Small businesses need more support for growth
Editor's note: Peking University's Guanghua School of Management released a survey report on China's small and micro-business operators at a recent seminar. The seminar brought together scholars, industry experts and practitioners to discuss the current state of small businesses, the pressures they face, the changes brought by artificial intelligence and digital tools, and the policies needed to support their growth. The following are excerpts from their remarks.
Supporting small enterprises through stable expectations
By Tian Xuan
Small and micro-businesses are the deepest foundation of China's economy and the broadest micro-level base of its growth.
Understanding their operating conditions, responding to their policy expectations and paying attention to their survival and development is not only an academic task, but also a responsibility of our time.
China's GDP grew by 5 percent in 2025 despite a complex external environment and insufficient domestic demand.
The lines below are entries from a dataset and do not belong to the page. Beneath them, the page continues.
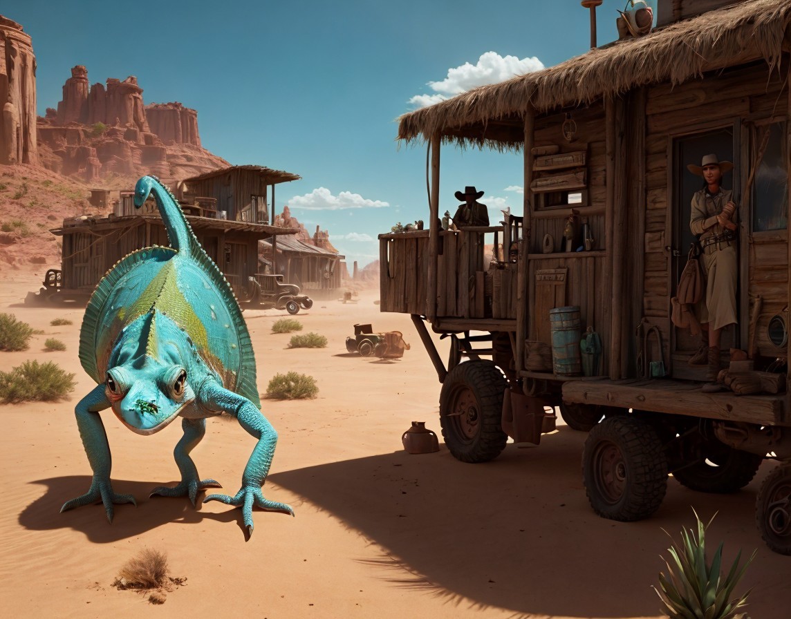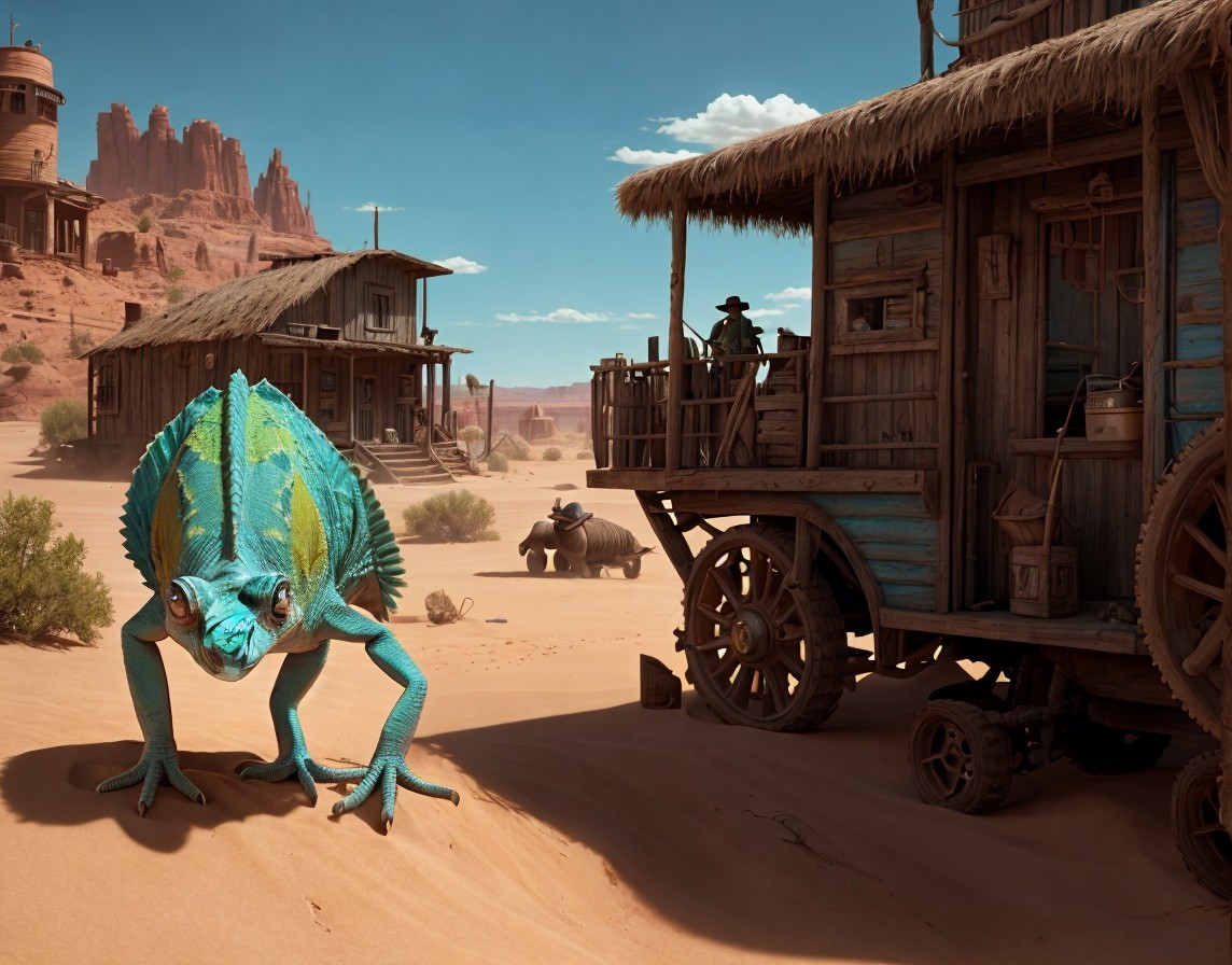 A colorful alien creature stands by a wooden shack in a desert with cowboys, vehicles, and rocky formations in the background.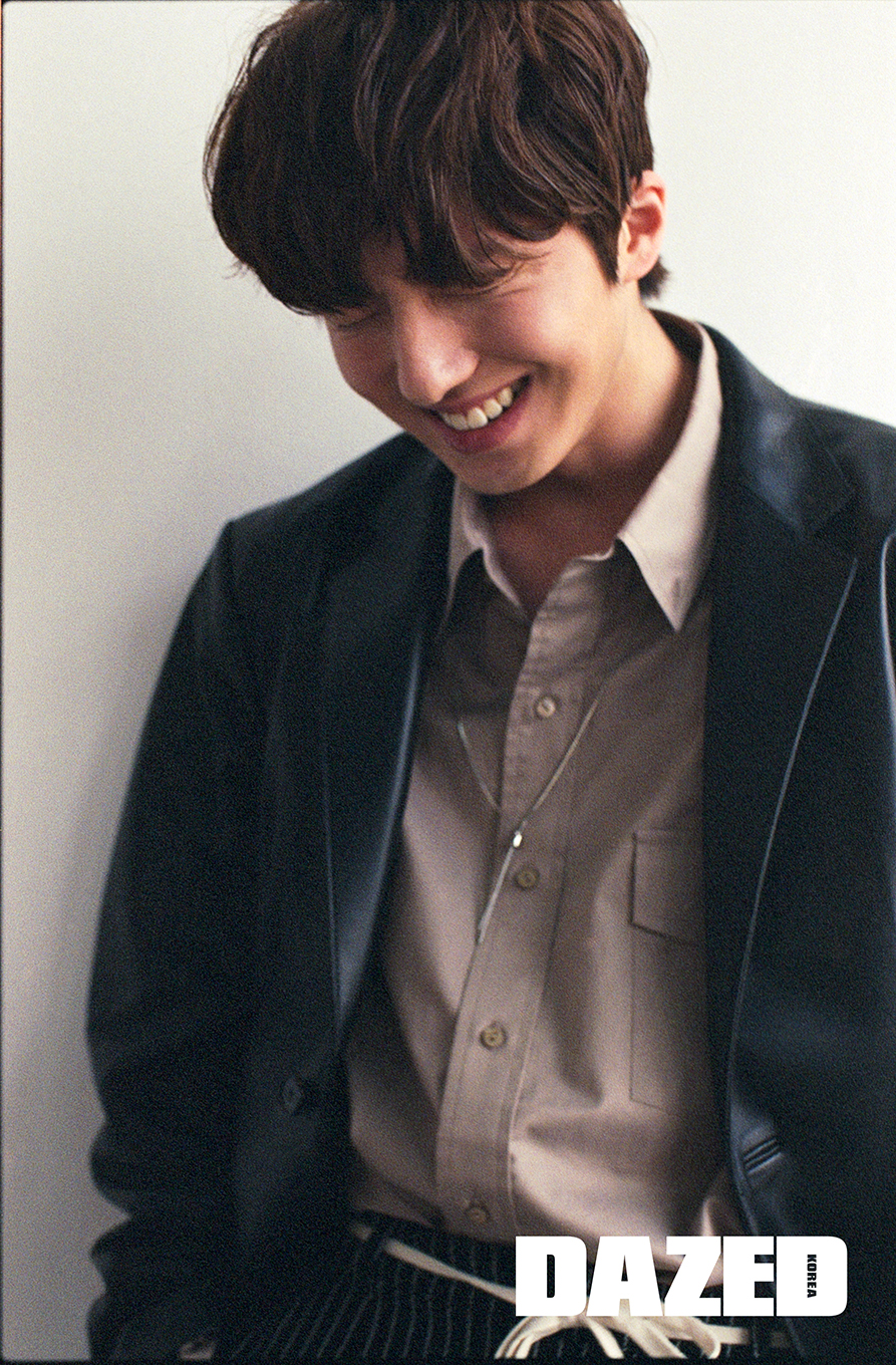 레더 재킷은 토니웩 by 이티씨서울(Tonywack by ETC Seoul), 브라운 셔츠는 데일리 미러(Daily Mirror), 스트라이프 팬츠는 레프리제트 by 톰 그레이하운드(Represent by Tom Greyhound), 드롭 펜던트 네크리스는 밀튼 아티카(Milton Attica).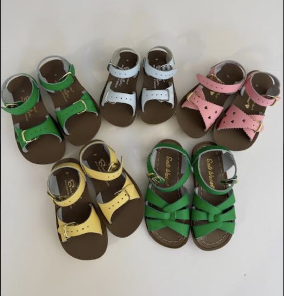 Salt Water® Classic Slides little kids, big kids and women. They boast an adjustable strap across the width of the foot for a secure yet open heal fit that allows you to slide them on and off. Rust-proof brass buckles and scuff-resistant, water friendly genuine leather make them ideal for in-and-out of water wear.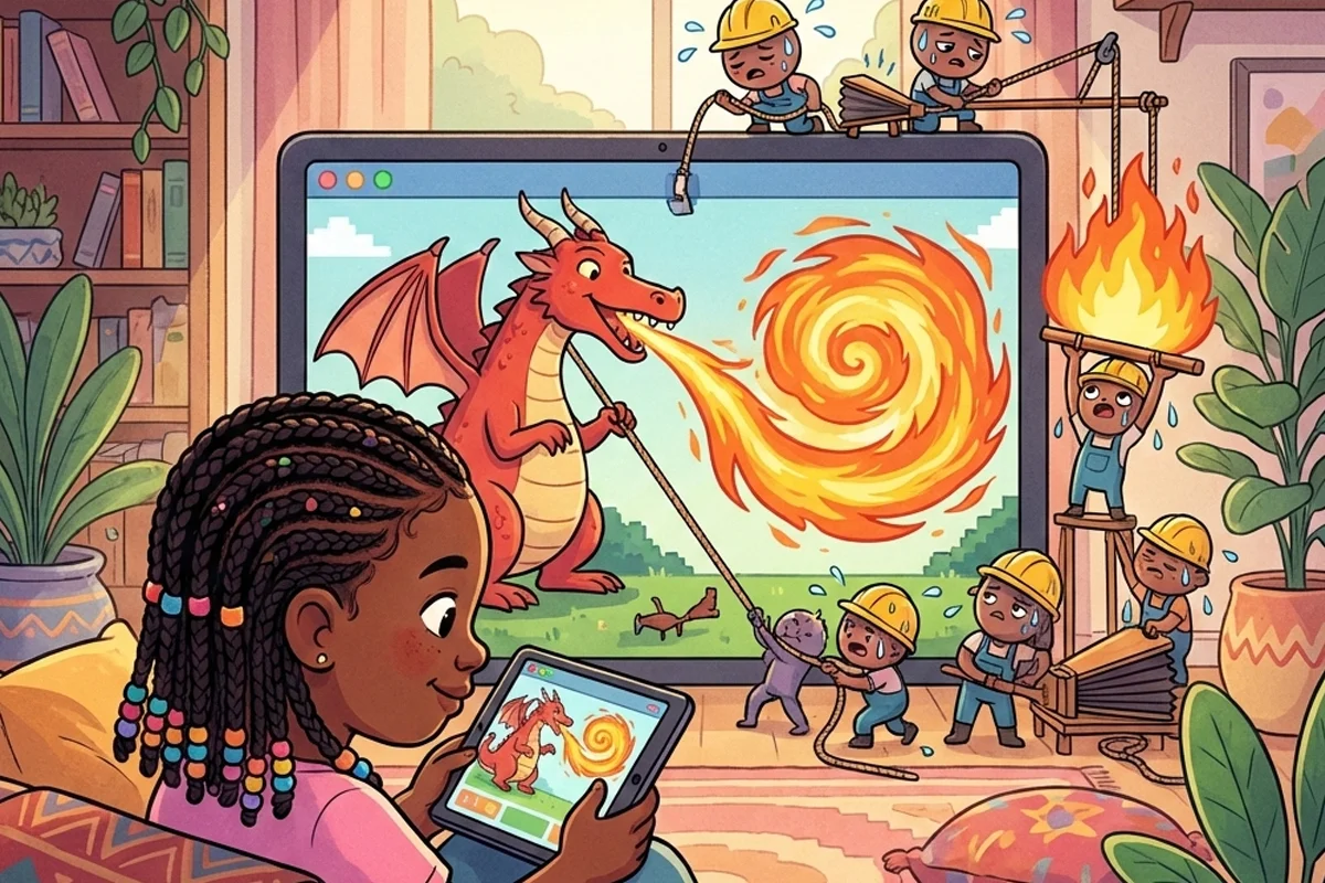 رها کوچولو عاشق بازیهای شلوغ و پر سروصدا بود. از آن بازیهایی که اژدهای بزرگ از دهانش آتش بیرون میداد و ماشینهای مسابقه با صدای «ویژژژژ» از روی تپهها میپریدند. رها هر بار که صفحه تبلت را فشار میداد، از ته دل میخندید و بالا و پایین میپرید.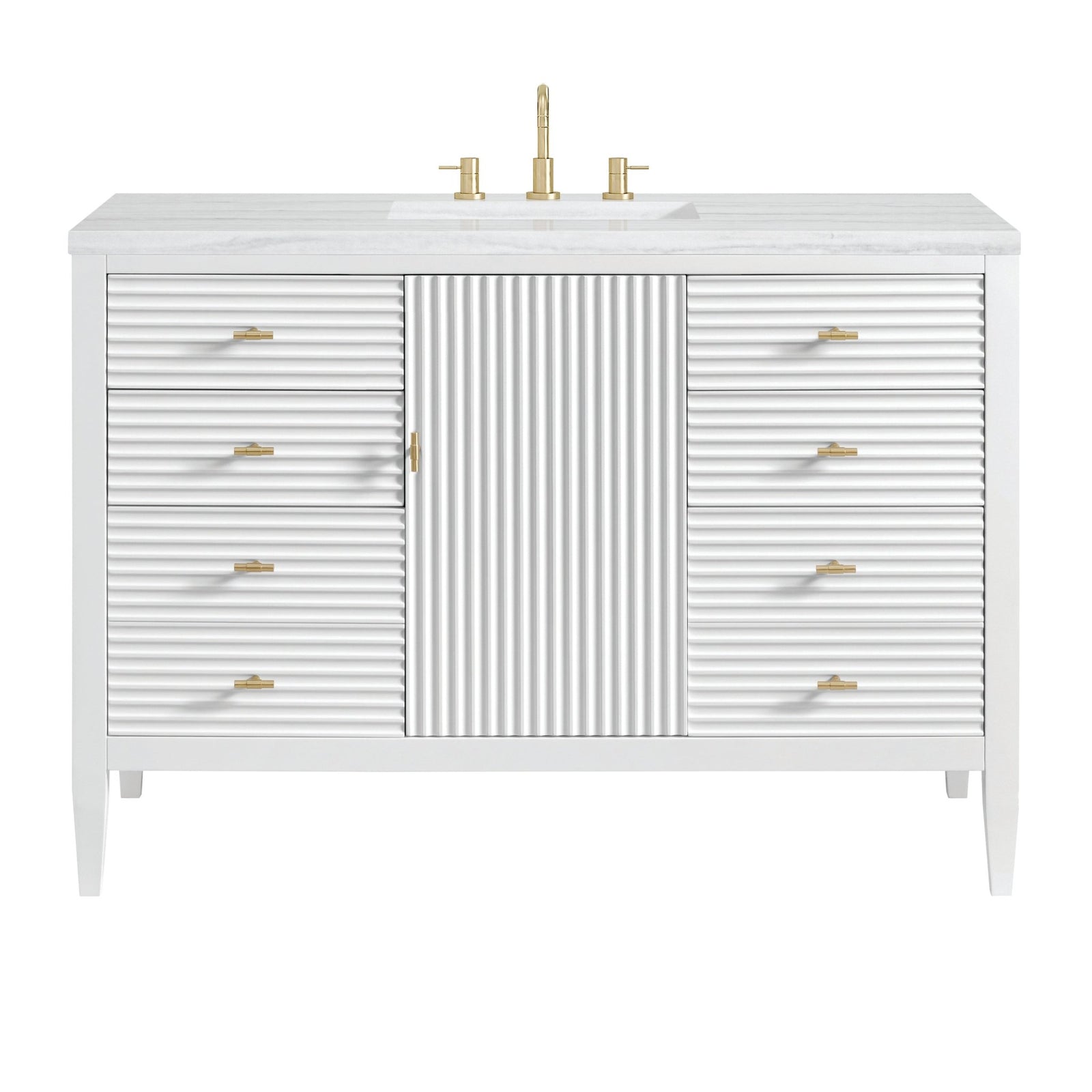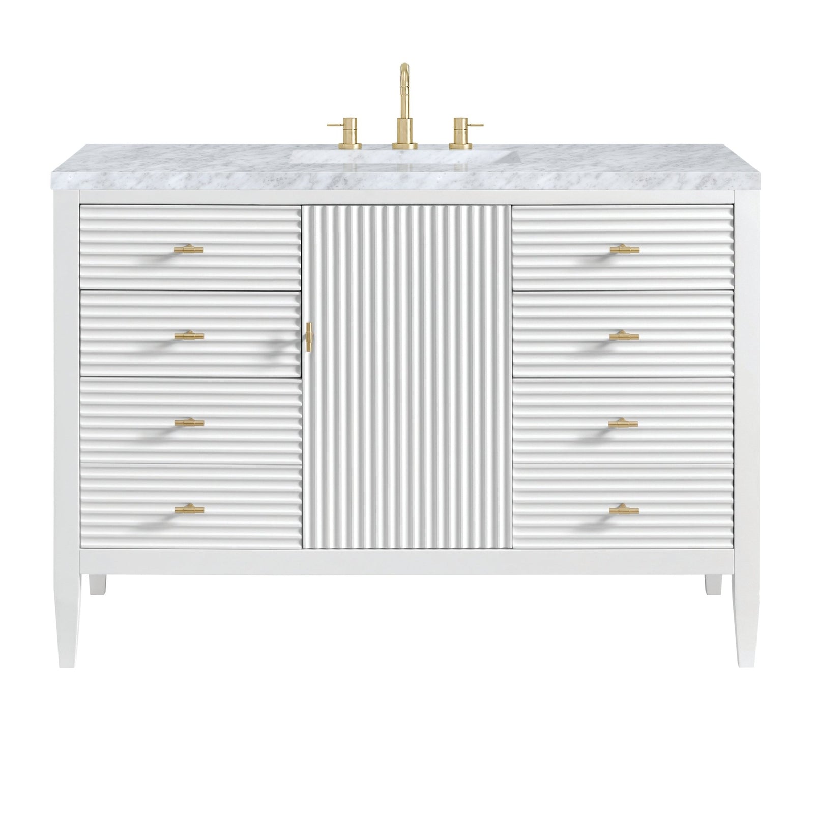 Myrrin 48" Vanity, Bright White w/ 3 CM Carrara White Marble Top
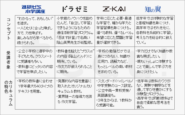それぞれの通信講座には選ばれる理由があります。各講座の特長を知って、お子さんの学習目的に合った教材を見つけてください。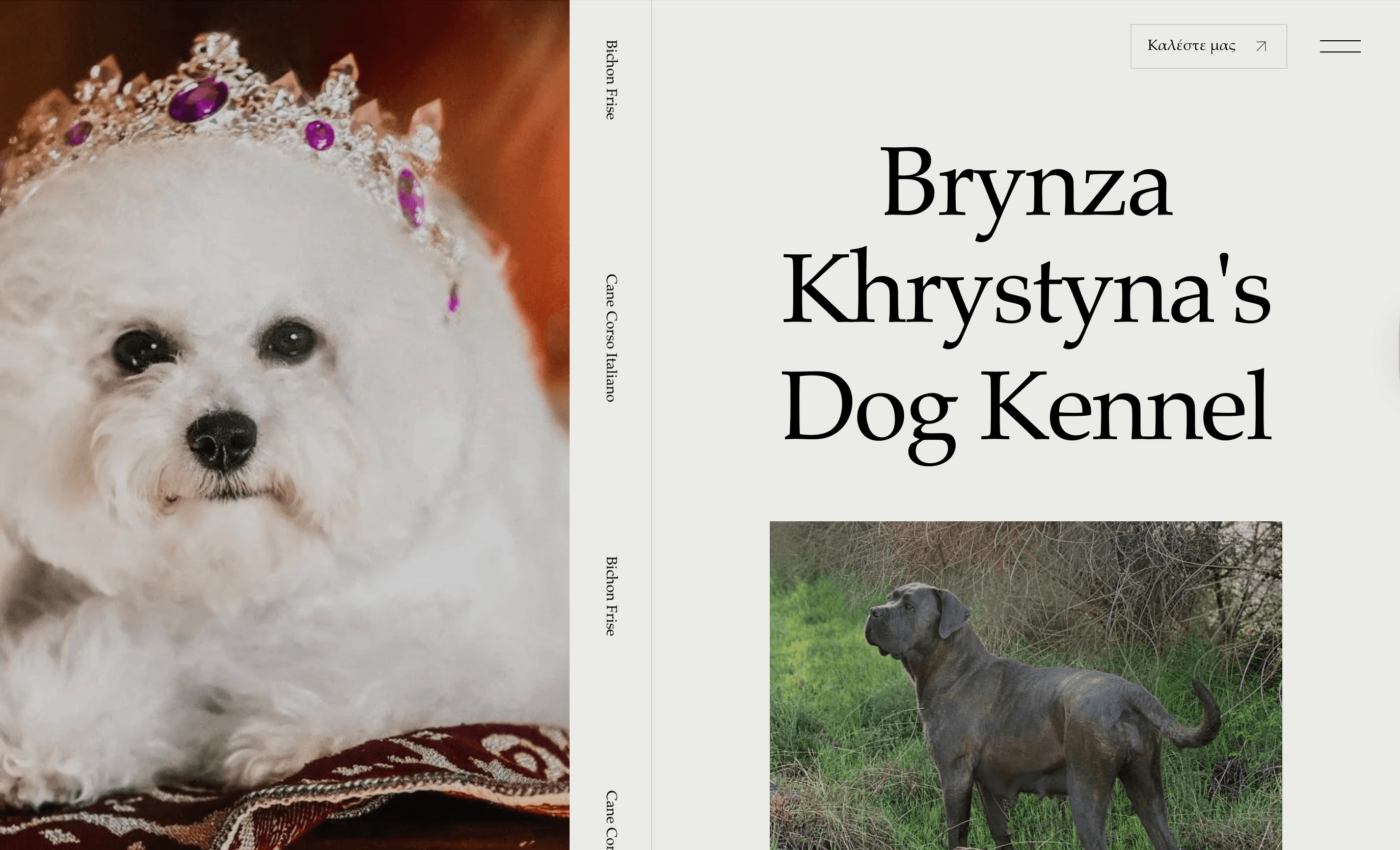A Greek-based kennel focusing on perfecting the breeds Bichon Frise and Cane Corso Italiano.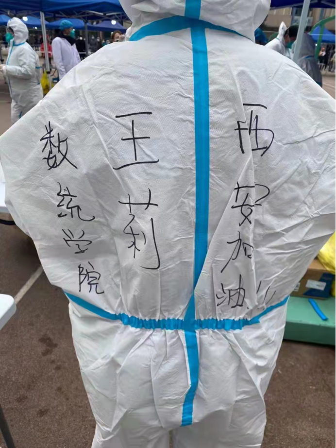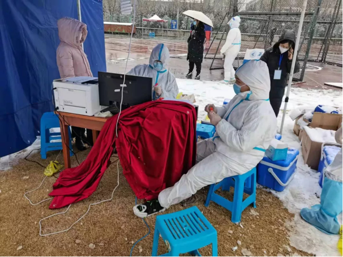 在友谊、长安校区的核酸检测工作现场,身穿“大白”防护服,负责为师生核对身份,检验西安“一码通”的是党委书记王莉、经理助理郭千桥、班凯、青年教师潘璐璐还有员工志愿者王彬、袁昊、王璎斐,几天的分批次工作下来,细心、严谨、寒冷是大家最大的感受,特别是长安校区的风雪天,更是让工作者印象深刻,用心地付出也势必会为全校师生们的健康编制好一面“安全网”。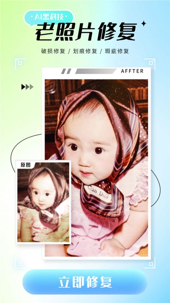 2、提供便捷的智能修复功能,让老照片重新焕发光彩。

This was no easy achievement. For 2026, setting the growth target as a flexible range reflects an effort to reduce the emphasis on a single numerical level and shift attention toward high-quality development.
It also leaves more room for structural adjustment, risk prevention and livelihood improvement.
The logic of expanding domestic demand is changing. It is moving away from direct policy stimulus and toward activating the market's own internal momentum.
The key is to stabilize employment so that people have money to spend, strengthen social security so that people dare to spend, and create new consumption scenarios so that people have places and reasons to spend.
To foster new growth drivers, China needs to upgrade traditional industries, develop strategic emerging industries, make early plans for future industries, and improve the quality of the service sector so as to extend both ends of the "smile curve".
For small, medium and micro-enterprises, two macro-level supports are especially important. The first is a sound legal environment.
China should strengthen the implementation of the Private Economy Promotion Law, advance legislation on a personal bankruptcy system, and give "honest but unfortunate" entrepreneurs a real chance to start again. Stronger intellectual property protection is also essential, as it can provide clear incentives for private and small businesses to innovate.
The second is a stable macro-policy orientation. Research shows that policy orientation itself does not have a significant impact on corporate innovation, but policy uncertainty can seriously discourage long-term investment. It is therefore crucial to maintain policy continuity, stability and consistency, so that the market can form steady expectations. This is vital for encouraging small and micro enterprises to invest, innovate and grow over the long term.
Tian Xuan is the dean of Guanghua School of Management, Peking University. The views don't necessarily reflect those of China Daily.